Data Quality & Anomaly Detection: The Quarantine Pattern.

Protecting downstream BI by routing high-quality data to production and invalid records to a rejected table.

In production, data is often "dirty." We are building a validator that inspects incoming vendor files. If a record has a duplicate order_id, a negative price, or a missing customer_id, it is marked as "Invalid" and sent to a Quarantine Table for manual review. Only "Clean" data reaches the Gold Warehouse.

Below is a typical batch containing valid data, a negative value (anomaly), and a duplicate ID.

Vendor Sales Feed (S3)
| order_id | price | status |
| 1001 | 50.00 | SHIPPED | (Valid)
| 1002 | -5.00 | CANCELLED | (Invalid: Negative Price)
| 1001 | 50.00 | SHIPPED | (Invalid: Duplicate ID)

We use a UDF to perform row-level logic checks. For uniqueness, we use Window Functions to tag duplicates without losing rows initially.

from pyspark.sql.functions import *
from pyspark.sql.types import StringType

# 1. Anomaly Detection UDF
@udf(returnType=StringType())
def validate_record(price, status):
    if price is None or price <= 0:
        return "INVALID_PRICE"
    if status not in ["SHIPPED", "PENDING", "CANCELLED"]:
        return "INVALID_STATUS"
    return "VALID"

# 2. Tagging Duplicates via Windowing
window_spec = Window.partitionBy("order_id").orderBy("order_id")
df_tagged = df_raw.withColumn("row_num", row_number().over(window_spec)) \
    .withColumn("quality_flag", validate_record(col("price"), col("status"))) \
    .withColumn("final_status", 
        when(col("row_num") > 1, "DUPLICATE")
        .otherwise(col("quality_flag"))
    )
    

We split the DataFrame into two logical paths. This ensures the pipeline doesn't crash, but the "bad" data is safely set aside for the Data Ops team.

# Filter Clean Data
df_clean = df_tagged.filter(col("final_status") == "VALID").drop("row_num", "final_status")

# Filter Bad Data (The Quarantine)
df_quarantine = df_tagged.filter(col("final_status") != "VALID") \
    .withColumn("rejection_reason", col("final_status")) \
    .withColumn("rejection_ts", current_timestamp())
    

The warehouse receives pure data, while the quarantine table acts as a log for vendor troubleshooting.

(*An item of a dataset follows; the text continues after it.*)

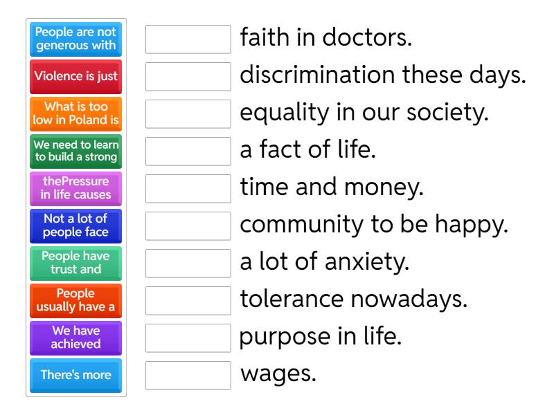 We need to learn to build a strong - community to be happy., thePressure in life causes - a lot of anxiety., What is too low in Poland is - wages., People are not generous with - time and money., People usually have a  - purpose in life., We have achieved - equality in our society., Not a lot of people face - discrimination these days., People have trust and  - faith in doctors., Violence is just - a fact of life., There's more - tolerance nowadays.,
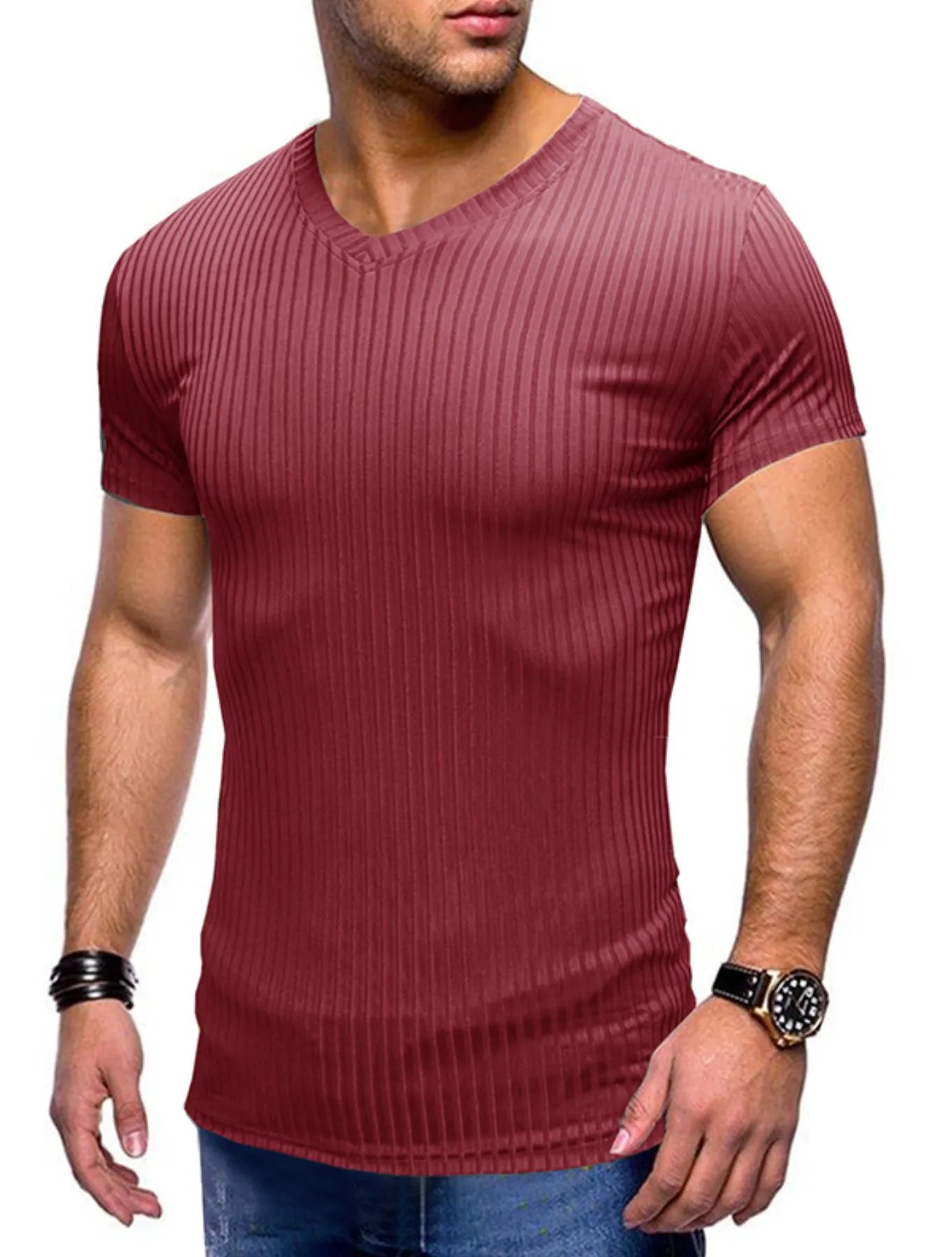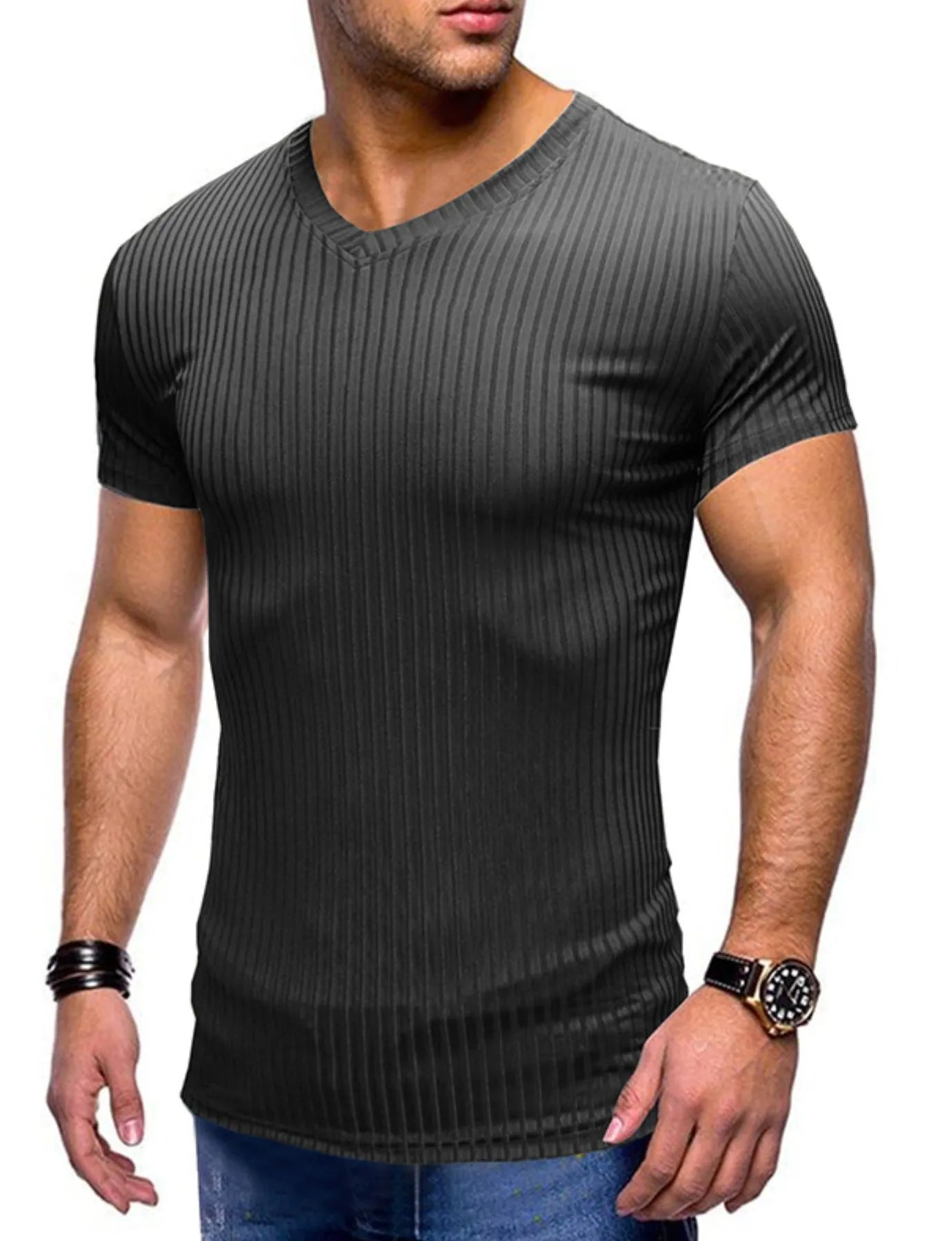Men's Ribbed Short Sleeve Slim Fit T-Shirt

Target: Gold Sales Table (Delta)
| order_id | price | status |
| 1001 | 50.00 | SHIPPED |
Target: Rejected_Records (Delta)
| order_id | rejection_reason | rejection_ts |
| 1002 | INVALID_PRICE | 2026-01-27 |
| 1001 | DUPLICATE | 2026-01-27 |
# Write Clean Data
df_clean.write.format("delta").mode("append").saveAsTable("gold.sales")

# Write Quarantine Data
df_quarantine.write.format("delta").mode("append").saveAsTable("audit.quarantine_logs")

# Log KPI for Monitoring
print(f"Ingested {df_clean.count()} records. Quarantined {df_quarantine.count()} records.")
    
Q: Why use a UDF instead of standard Spark SQL functions for validation? While Spark SQL functions are faster (vectorized), UDFs allow for highly complex, multi-column business logic that is easier to maintain and test when validation rules involve 10+ edge cases or external library checks.
Q: How do you handle the performance bottleneck of UDFs? Try to use Pandas UDFs (Vectorized UDFs) if the logic is mathematical. Alternatively, perform "pre-filtering" using native Spark functions to reduce the number of rows the UDF has to process.
Q: What is the benefit of the Quarantine Pattern over just dropping bad rows? Dropping rows leads to Data Loss. If a vendor sends a file where 50% of the data is bad, the Quarantine table allows you to prove it to them, fix the root cause, and re-process those specific rows later.